# What is required
Print the whole listing exactly as it appears, but skip the pictures.

# Data section
·····

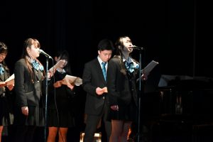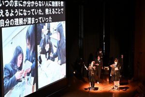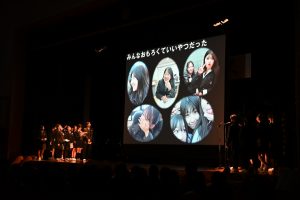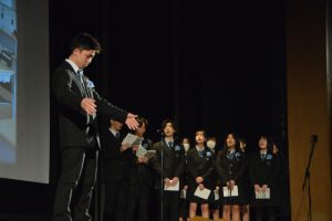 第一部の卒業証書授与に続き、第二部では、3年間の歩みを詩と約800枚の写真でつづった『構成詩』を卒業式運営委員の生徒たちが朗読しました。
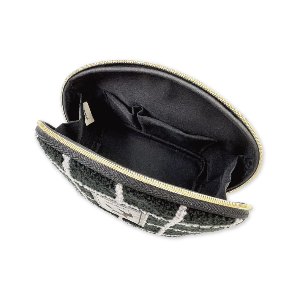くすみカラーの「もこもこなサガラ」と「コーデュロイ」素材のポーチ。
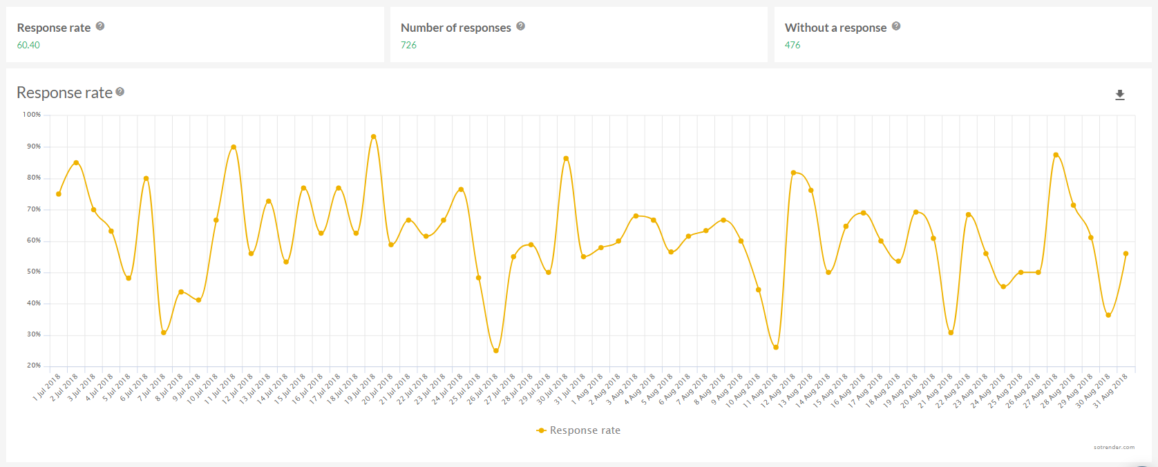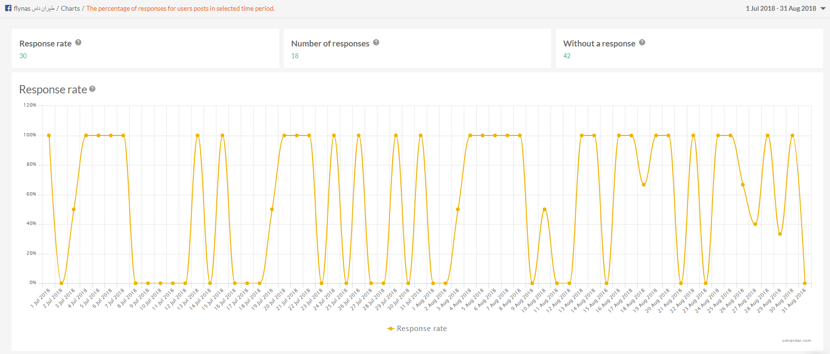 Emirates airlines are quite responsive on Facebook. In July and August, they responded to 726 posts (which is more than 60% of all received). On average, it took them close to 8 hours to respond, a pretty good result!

·····

# Result of this task
 第一部の卒業証書授与に続き、第二部では、3年間の歩みを詩と約800枚の写真でつづった『構成詩』を卒業式運営委員の生徒たちが朗読しました。
くすみカラーの「もこもこなサガラ」と「コーデュロイ」素材のポーチ。
 Emirates airlines are quite responsive on Facebook. In July and August, they responded to 726 posts (which is more than 60% of all received). On average, it took them close to 8 hours to respond, a pretty good result!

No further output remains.